As soon as my first rap echoed through the house the shadows stopped moving.  The radio still played, a soft blues melody carrying through the humid air, but other than that there was nothing.  I stepped back and attempted to look into one of the windows; however, they were covered by thick, dirty white drapes.  I knocked again and this time the radio stopped playing and the silence of the area sprang back at me.  It was indeed an eerie kind of quiet.  I waited several minutes, wondering why no one was coming to the door.  I suppose you could attribute it to the remote nature of the place.  People in those kind of areas probably do not get many visitors, and when they do I expect they know they are coming before they arrive.  They probably like to just be left alone.  But if someone knocks on your door, and you know how obvious it is that you are home, well, you just answer it.  It is the polite thing to do.  Figuring that I needed to explain why I had intruded upon their seclusion, I knocked once again and called out.

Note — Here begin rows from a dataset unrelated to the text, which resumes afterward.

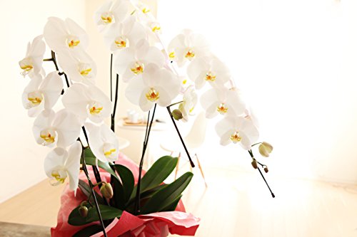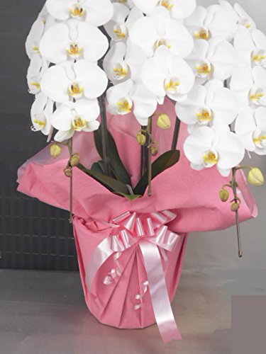 花 胡蝶蘭 ギフト 生花。 花 大輪3本立ち27輪(つぼみ含む)くらい。ピンク系ラッピング。誕生日プレゼント 新改築・引越し祝い用フラワー。通常のお祝いや企業間・ビジネス上の贈り物として一般的なサイズです。画像はイメージです。ラッピングは変更される場合はございます。
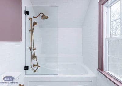 This bathroom now serves their entire family well – especially the little one who enjoys bath time in their new open tub!
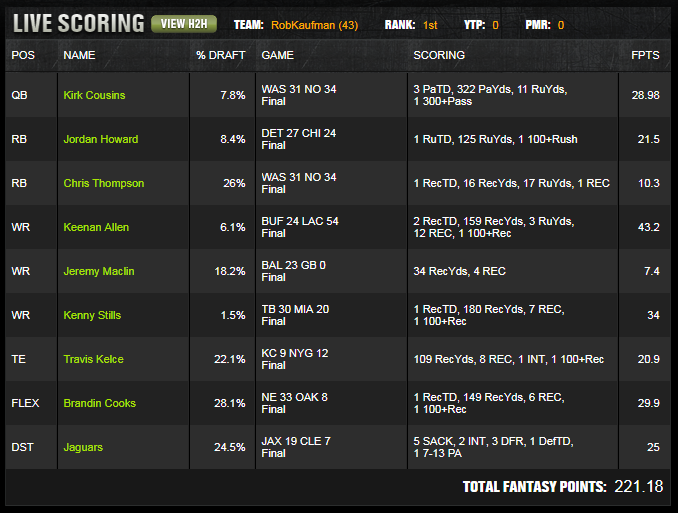 | DST | Jaguars JAX DST | 24.5% | 4000 | 25 |
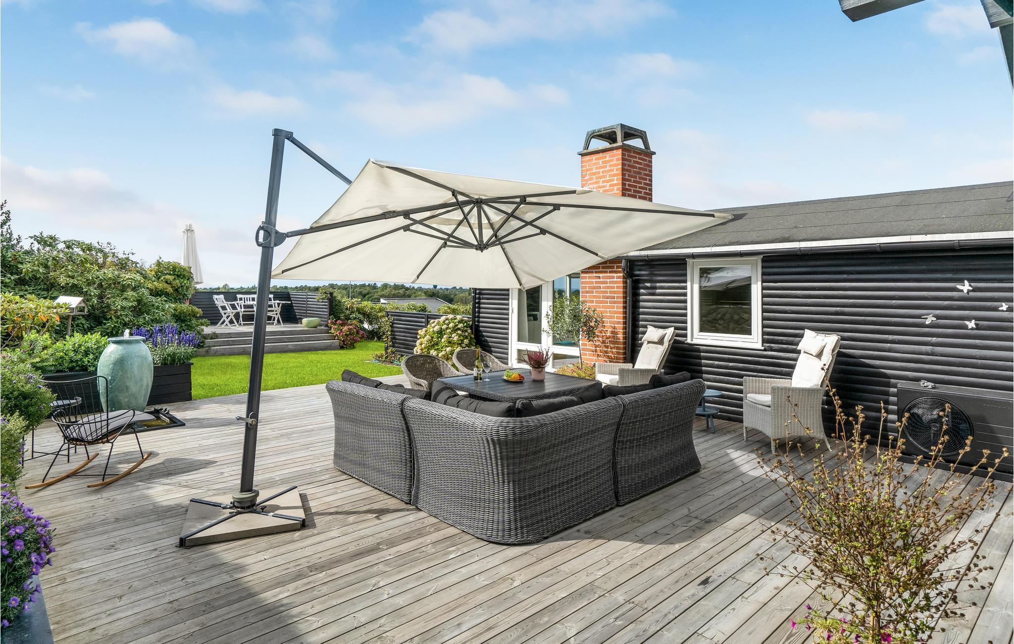 Slap af på den delvist overdækkede terrasse i komfortable havemøbler, nyd de lange sommeraftener og lækre retter fra grillen.
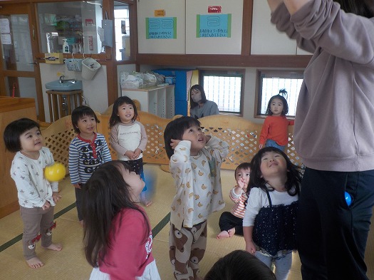 落ちてくるボールを見て「うわぁー」と笑い声が部屋中に響き渡りました。

“Sorry to bother you, but I just need some quick directions and I’ll be on my way.”

Again nothing happened.  Stepping back again to look toward the windows I almost jumped right out of my shoes.

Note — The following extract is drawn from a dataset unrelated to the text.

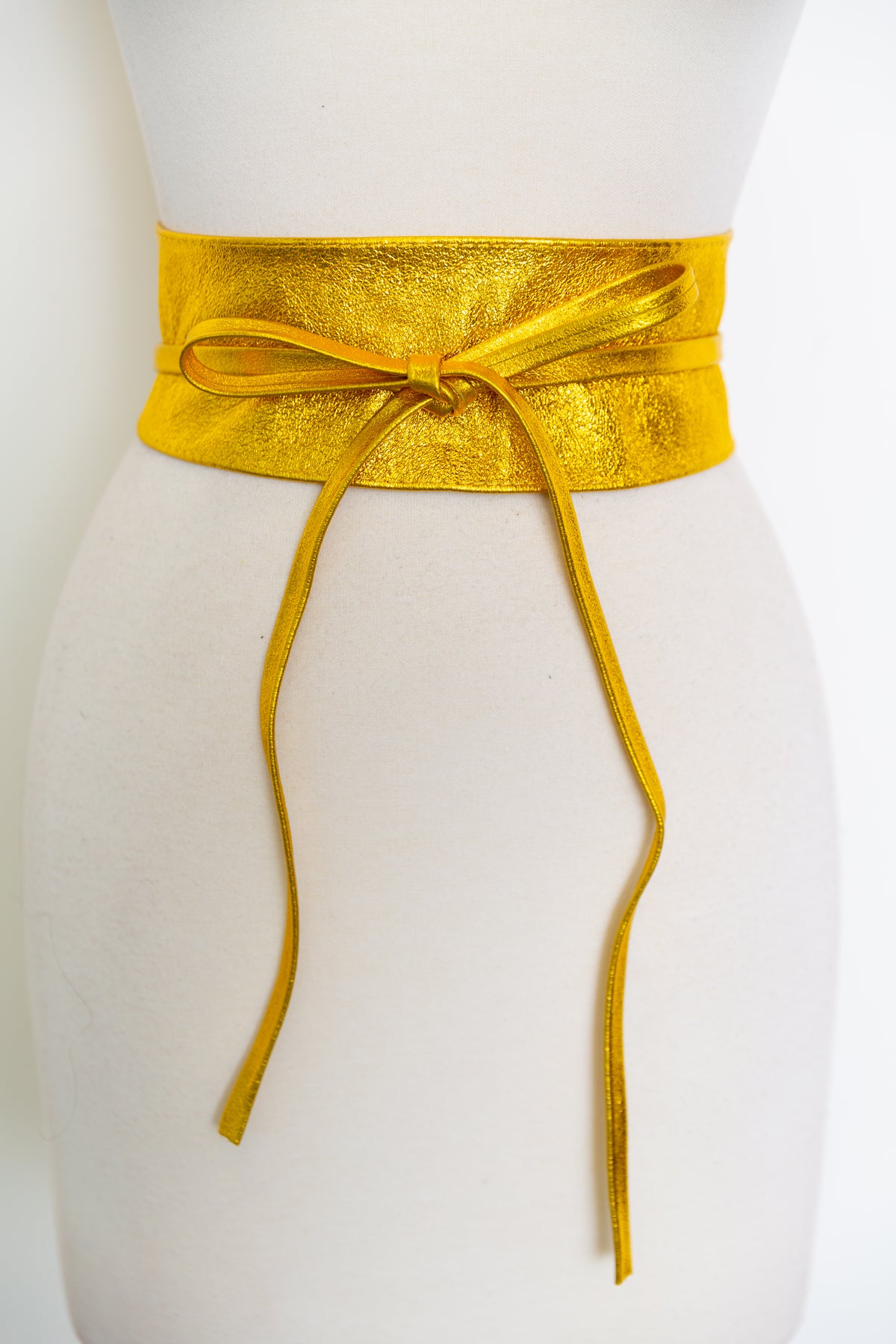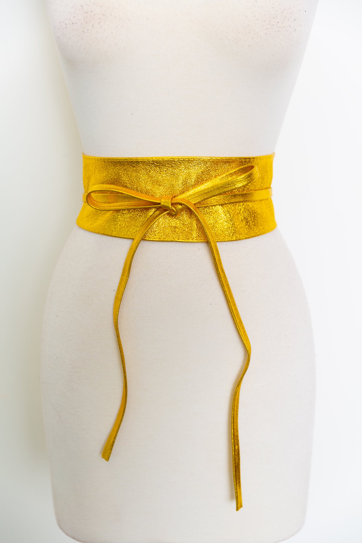 This beautiful metallic wrap style belt fits all sizes with a slight curve for a perfect fit. Made with gorgeous Italian leather. Fits all sizes

Standing inside the window farthest away from me was a tall, angular man, grey-skinned and with a pinched face that had a long scar going over the right eyebrow.  He was dressed in a poorly tailored black suit and wore a battered grey derby with a red feather in the band.  The drapes, which still hung behind him shielding any view of the interior, made his dark clothing seem all the more stark. One of his hands rested on the window frame and the other was tucked inside his suit coat.  After I recovered my wits I gave him a half-hearted wave but was met with a stony look from his green eyes and nothing else.  As I stood there, with my heart still beating faster than usual in my chest, I felt that something other than the man himself was odd about this moment.  I soon figured out that this was little more than the window situation again, as I could see almost the entirety of the man in the window, all the way down his long legs to a point right above his feet.  Apparently those windows really did go all the way to the floor.  I glanced back at the man again and he remained as he had been, blinking only occasionally, expressionless and still.  His look reminded me of the way I imagine people stare at headstones of long departed love ones; somber and grieving but distant from their emotions, like it does not matter so much anymore.  I raised my hand to knock again but then thought better of it and walked off the porch, back toward the road.  As I did the radio clicked on in the house again, and that same blues melody followed me off the property.